I’ve learnt so much from not having a singular ambition for my career – I’ve been a library assistant, a buyer, a case worker for the police, worked in the fostering sector twice, spent ten years in local government, and now work in communications. Have I finished job hopping yet? Possibly not, but I don’t have any intentions to leave where I am any time soon.
The fondation where I work have attracted a lot of “lifers”, but the intensity of some roles can leave people burnt out, and to leave is the only choice whilst they recover – I can certainly respect that.
People are often expected to have their career path mapped out at a young age, and that path is expected to last for their entire life. No – no, no, no, that is not how work should be. Work should be fulfilling and enjoyable. In this current climate, some people are having to compromise just to get something, and that’s entirely understandable. But there is also an undercurrent that some roles and some industries are better than others. When the Chancellor of the Exchequer suggests that people in the creative sector should retrain, instead of looking at why the sector is collapsing in the first place and seeing how it can be sustained, there is a disparity in outlook. After all, did we not rely on the arts during the first lockdown? Perhaps he doesn’t realise that TV, movies, books, dance, theatre, and music are all part of the creative sector, but that would require a certain level of stupidity. Insulting an entire group of people who form such an integral part of our cultural life is rather insulting.

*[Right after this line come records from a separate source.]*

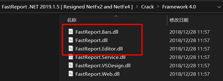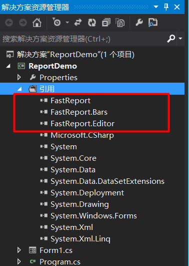 接着我们先引入FastReport的核心dll依赖,这些文件的目录在FastReport安装目录下,分别是FastReport.dll,FastReport.Editor.dll,FastReport.Bars.dll。
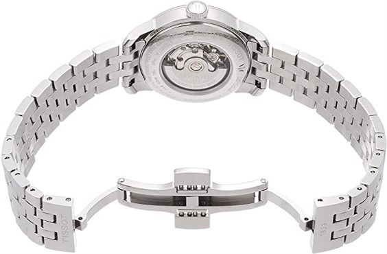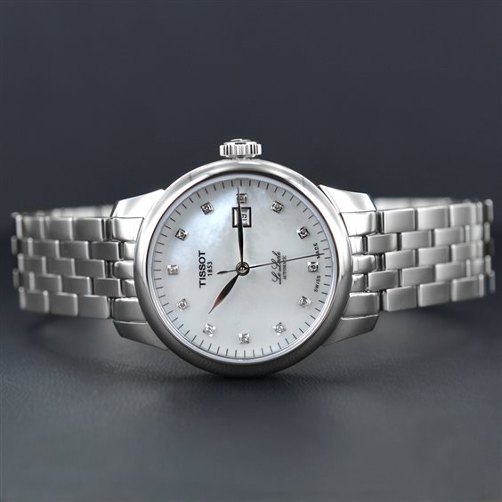 Orologio da donna della collezione lady auto di Tissot, con movimento automatico. Cassa e cinturino in acciaio con finitura lucida. Fondello trasparente che lascia intravedere il meccanismo. Quadrante in madreperla con indici di diamanti e datario a ore 3 Lancette in metallo silver. Riserva di carica di 38 ore
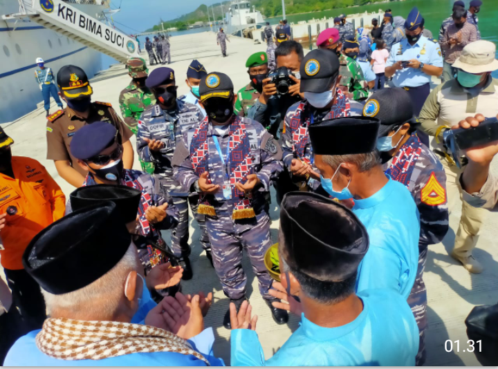 Natuna, leadernusantara.com- Komandan Lanal Ranai, Kolonel Laut (P) Dofir, didampingi Ketua Jalasenastri Cabang 8 Korcab IV DJA I Ny. Firliya Dofir menyambut kedatangan KRI Bima Suci-945 di dermaga Faslabuh TNI AL Selat Lampa Kab. Natuna. KRI Bima Suci-945 berkunjung dalam rangka mendukung kegiatan Kartika Jala Krida (KJK) Taruna/Taruni AAL tingkat III angkatan 67 tahun 2020. Rabu pagi (11 November 2020)
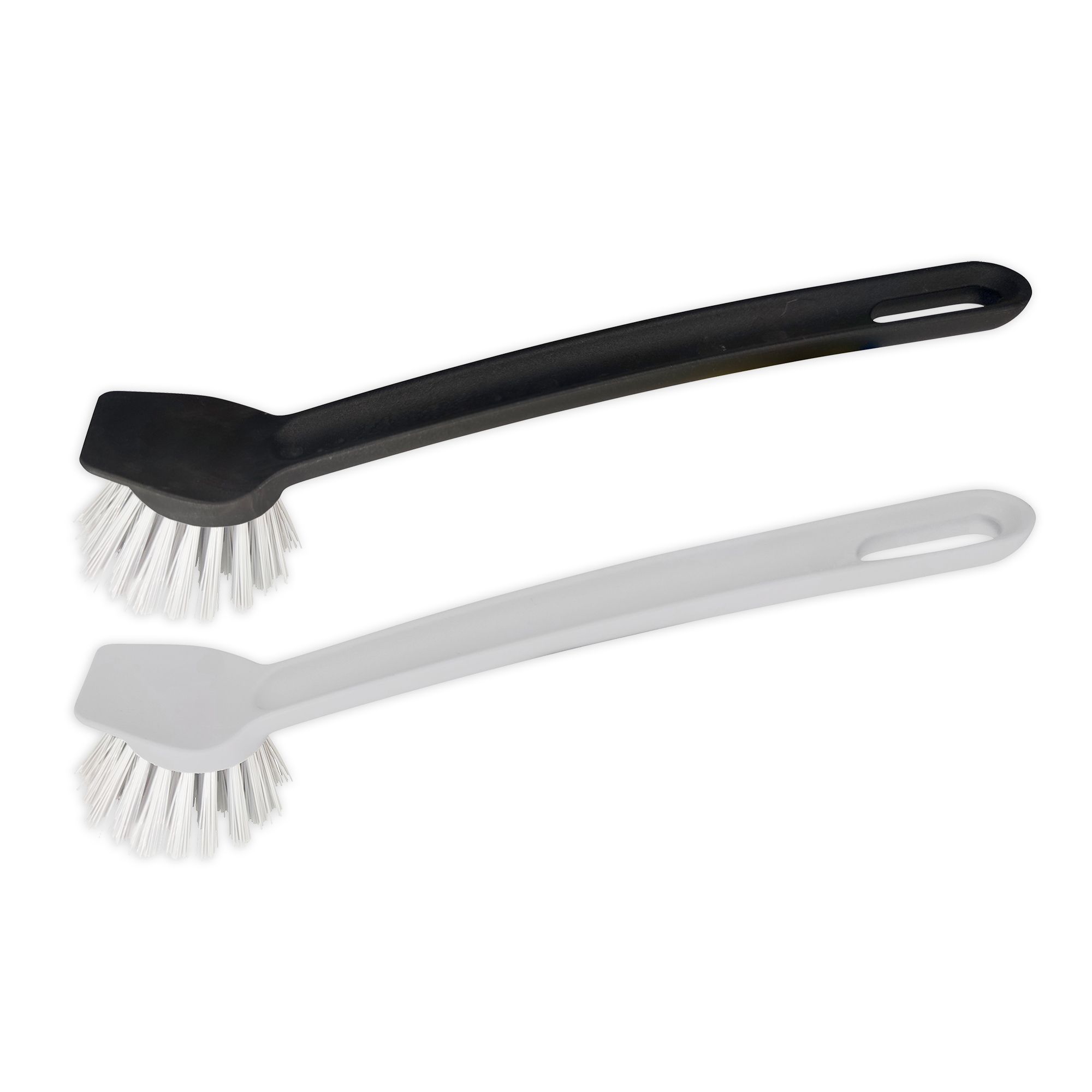 Классическая универсальная щетка для мытья посуды. Незаменима в любом доме, даже если у вас есть посудомоечная машина. Имеет щетину средней жесткости и пластиковый скребок на конце, с помощью которого легко, но деликатно удаляются самые стойкие загрязнения с посуды и кухонной утвари. Щетина расположена под нужным углом для достижения максимального эффекта, позволяет добраться до самых труднодоступных мест.

I seem to have gone off at something of a tangent, but perhaps a necessary one. We need choice in our working lives, and my son will face new and emerging careers that I couldn’t even begin to dream of; society evolves, and so does the work needed to sustain it. I work in communications, a title that certainly didn’t exist a hundred years ago. What will be around a hundred years from now, and what will our chidren’s grandchildren grow up wanting to be?